If you liked this review or are a fan of Our Flag, we encourage you to check out #RenewAsACrew, to petition for a third and final season.


[i]Charles Johnson, ‘Of Chapter Stede Bonnet and his Crew’, chapter 4 in A General History of the Lives, Murders and Adventures of the Most Notorious Rogues, (rprt. British Library 2021, originally published London: 1724), pp. 91–112.

[ii]HBO Max, ‘Our Flag Means Death Season 2 Teaser’, (30 August 2023), retrieved from https://www.youtube.com/watch?v=m0z6AeVbES0.

[iii]David Jenkins, Alyssa Lane, Alex Sherman, “Impossible Birds” episode 1 in Our Flag Means Death Season 2 (5 October 2023).

[iv]According to B. R. Burg, ‘matelotage [was]…an informally accepted system of mutual obligations…recognized between master and matelot and included the sharing  of all property and [t]he common ownership of goods even extended in most cases to inheritance’ (Sodomy and the Pirate Tradition: English Sea Rovers in the Seventeenth-Century Caribbean, 2 edn. [New York: New York Univ. Press, 1995], pp. 128–9).

[v]Johnson, pp. 72–3.

[vi]Johnson, p. 45.

[vii]David Jenkins and Eliza Jiménez Cossio, ‘Fun and Games’, episode 4 in Our Flag Means Death Season 2 (12 October 2023).

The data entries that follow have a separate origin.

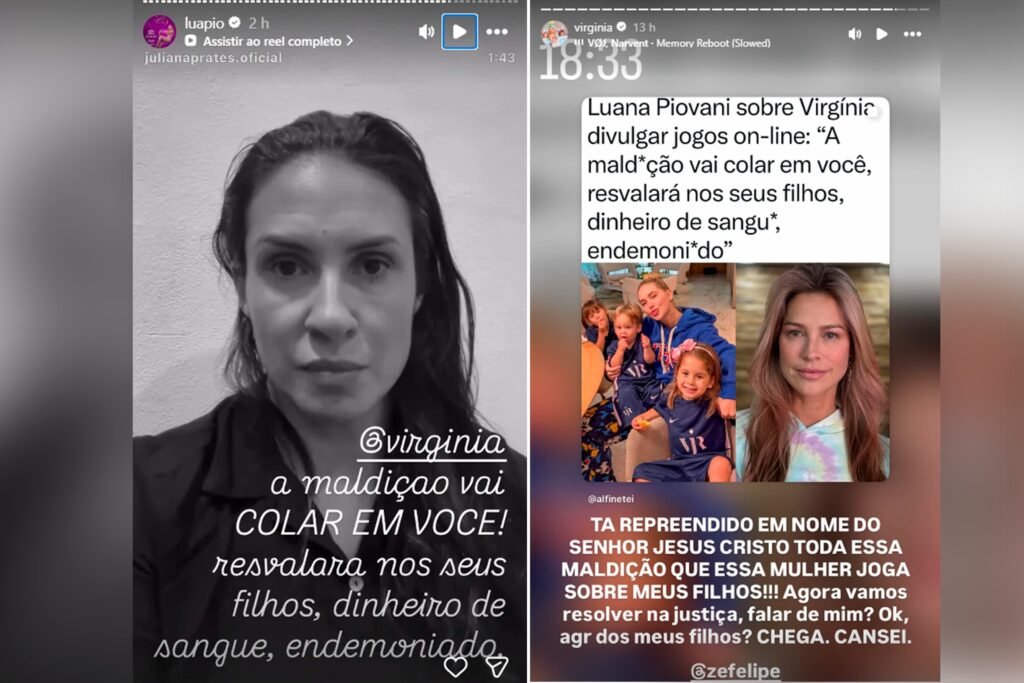 No vídeo, Luana compartilhou o depoimento de Juliana Prates, que relatou a morte do irmão causada por dependência em apostas online. Na legenda, a atriz escreveu: “Virginia, a maldição vai colar em você, resvalará nos seus filhos, dinheiro de sangue, endemoniado”. A declaração entrelaçou uma crítica ao problema das apostas com um ataque pessoal à influenciadora e aos seus filhos.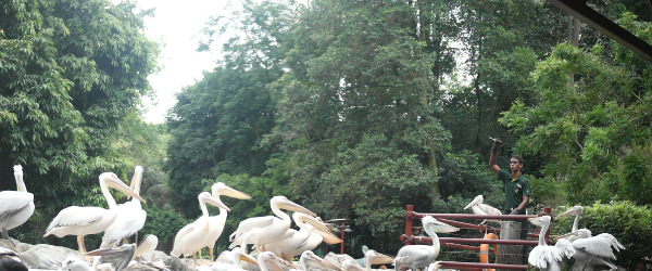 White, grey, Crane birds standing separately, photo taken at Singapore Zoo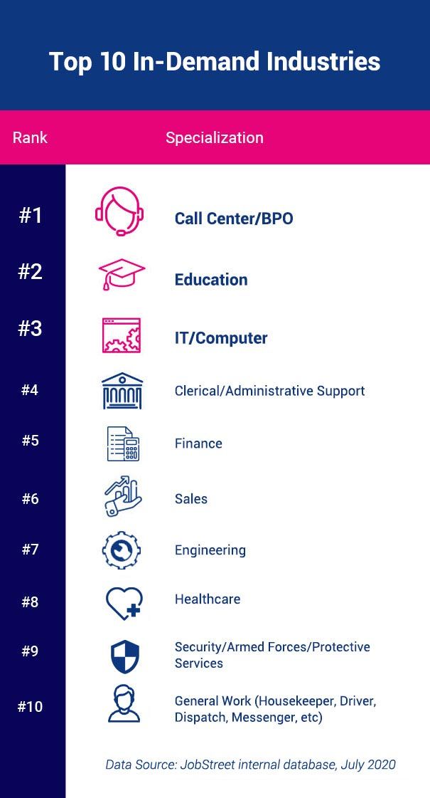 Despite the need for health care workers, a decrease in demand is observed in the Philippines. This is contrast from the early months of community quarantine, where Healthcare placed 3rd on the list. The descent of Healthcare industry to 8th place can be attributed to the general slump of the current job market, where unemployment has reached record rates. As non-critical patients are avoiding going to hospitals for their usual checkups and medical tests, profit has been generally down. Hospitals and other medical institutions still rely on other non-healthcare roles in Finance, Admin and IT, and smaller hospitals are struggling to maintain operations. This puts a damp in hiring budgets even if the demand for healthcare is higher than ever.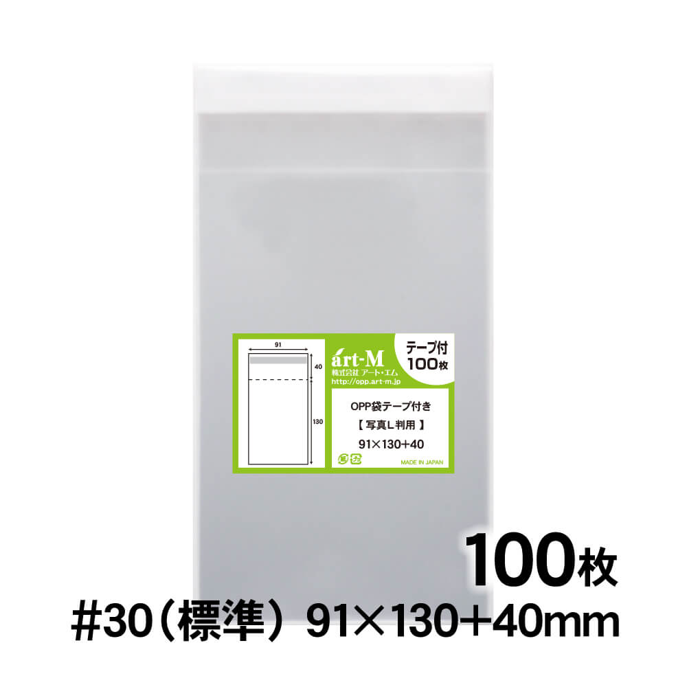 OPP袋 L判サイズ用 テープ付 100枚 国産 30ミクロン厚(標準) 91×130+40mm 透明袋

[viii]Johnson, ‘The Life of Mary Read’, pp. 157–65.

[ix]Zheng Yi Sao, born Shi Yang, became Zheng Yi Sao (meaning ‘Zheng Yi’s wife’) when her husband died and she took over in his stead. For readerly ease, we refer to her as ‘Zheng’ throughout. 

[x]Dian Murray, ‘One Woman’s Rise to Power: Cheng I’s Wife and the Pirates’, Historical Reflections / Réflexions Historiques, 8,3 (1981): 147–61.

[xi]Season 2, episode 2, titled ‘Red Flags’, is a direct reference to the historical Zheng Yi Sao’s squad in the Pirate Confederation, which, in its entirety, was composed of the six fleets that were based on the color of their flags—purple, black, blue, white, yellow, and red.

[xii]David Jenkins and John Mahone, ‘Mermen’, episode 8 in Our Flag Means Death Season 2 (26 October 2023).